= Data block =
★ ★ ★ ★ ★

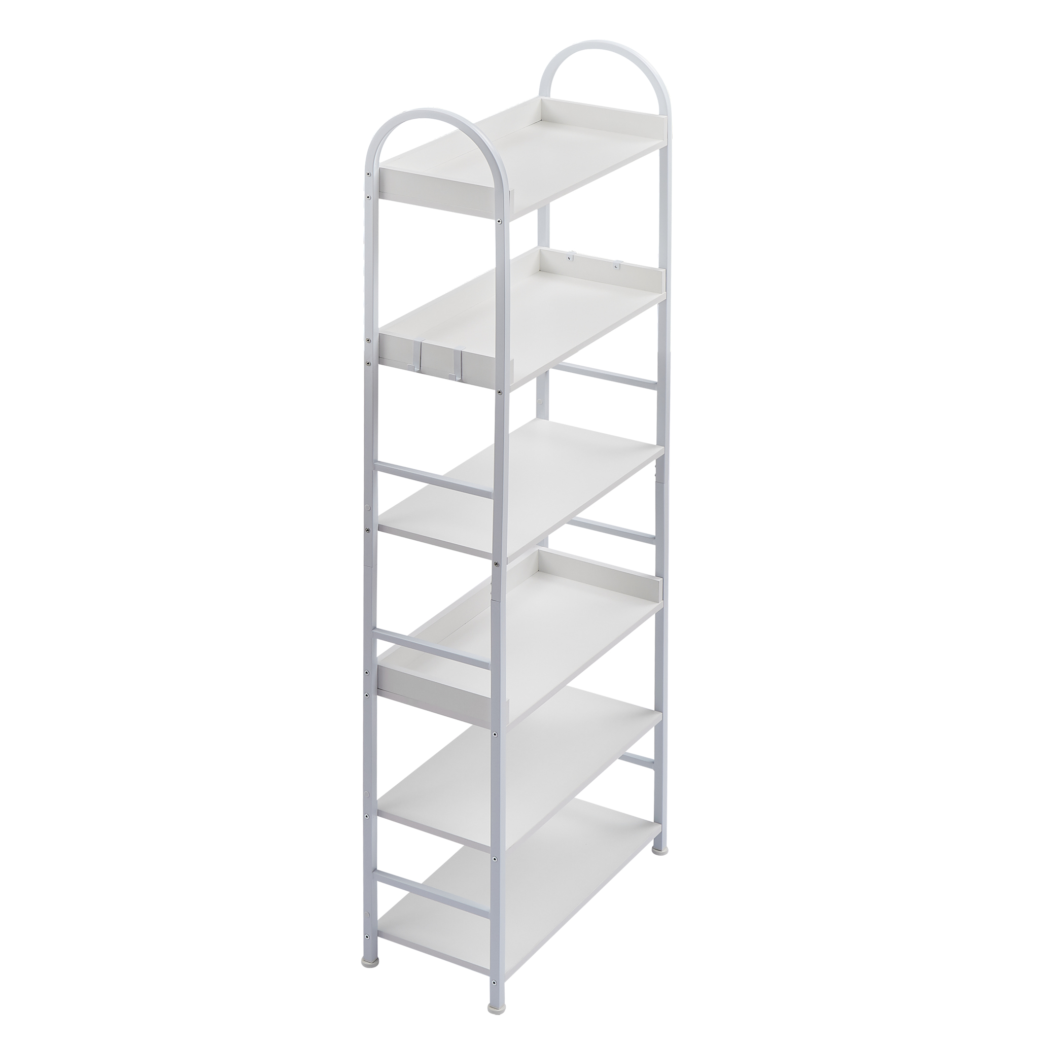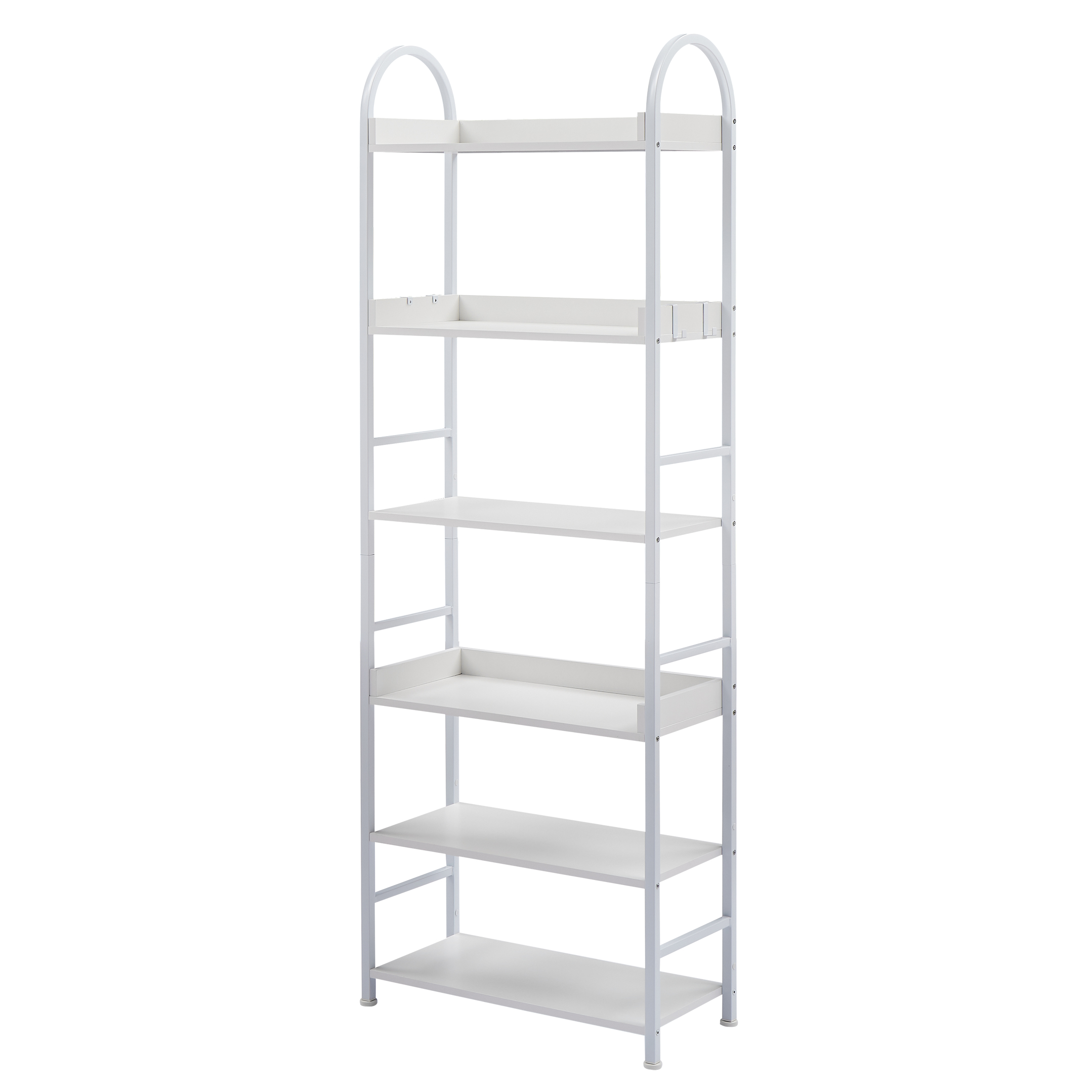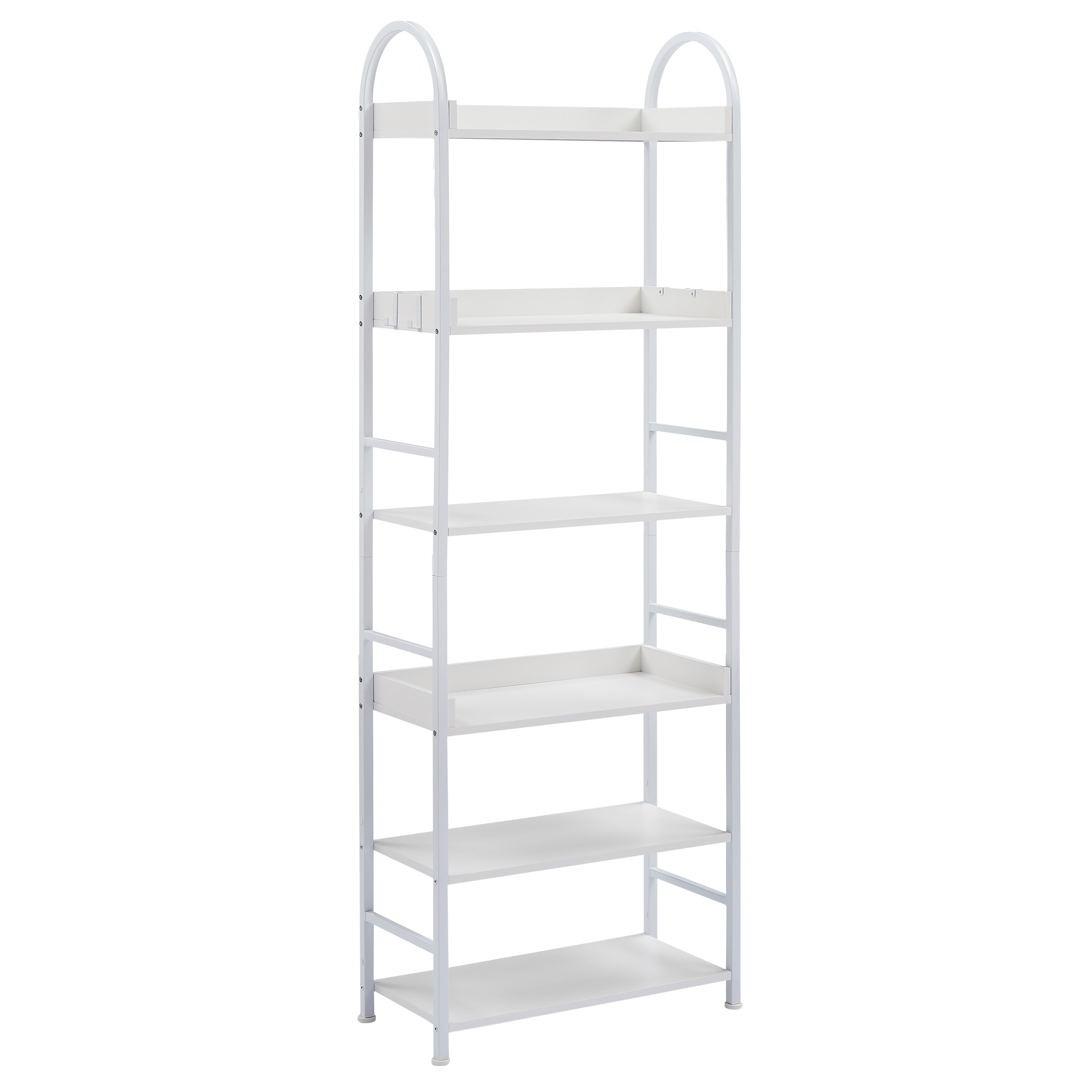 70.8-inch Tall Bookshelf, 6-tier Shelves with Round Top Frame, MDF Boards, Adjustable Foot Pads, White
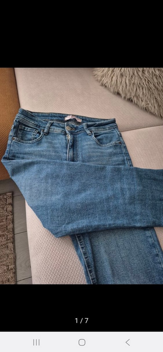 Düğmeli ve normal kesim mavi denimden yapılmış, midi boy kadın kot pantolon. Günlük kullanıma uygun, rahat bir normcore tarz sunar. tertemiz kullanılmiş ürün defosu yoktur
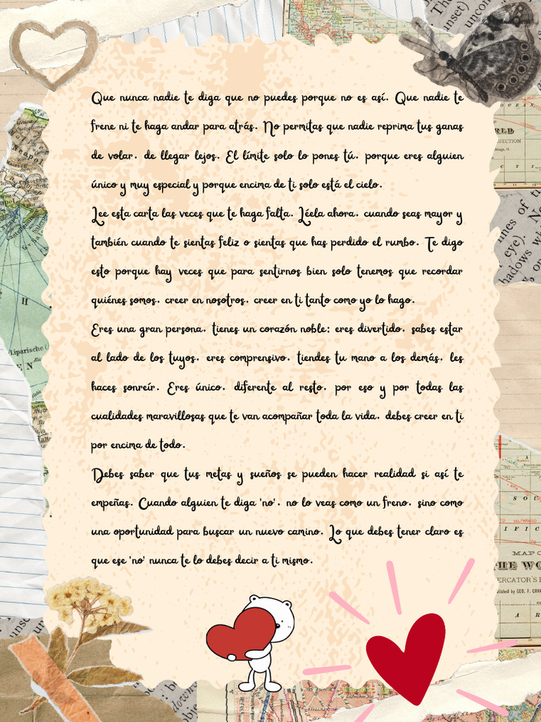 Lee esta carta las veces que te haga falta. Léela ahora, cuando seas mayor y
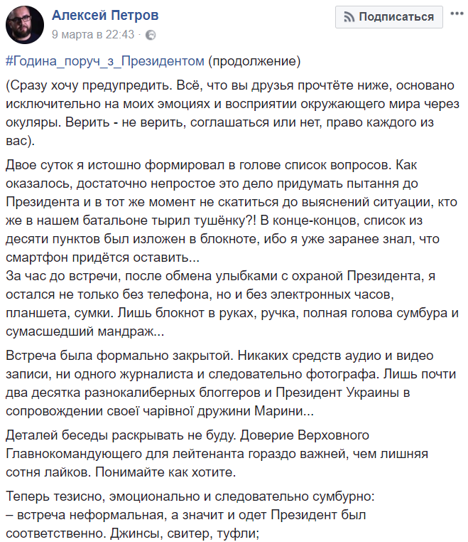 Позже он компенсировал свой "проступок" ярким панегириком. Вот как он описывает встречу с Порошенко:

★ ★ ★ ★ ★

Copy exactly the lines that run from the line containing "Düğmeli ve normal" to the end of the data above, keeping both end lines and leaving out all pictures.

 Düğmeli ve normal kesim mavi denimden yapılmış, midi boy kadın kot pantolon. Günlük kullanıma uygun, rahat bir normcore tarz sunar. tertemiz kullanılmiş ürün defosu yoktur
 Lee esta carta las veces que te haga falta. Léela ahora, cuando seas mayor y
 Позже он компенсировал свой "проступок" ярким панегириком. Вот как он описывает встречу с Порошенко:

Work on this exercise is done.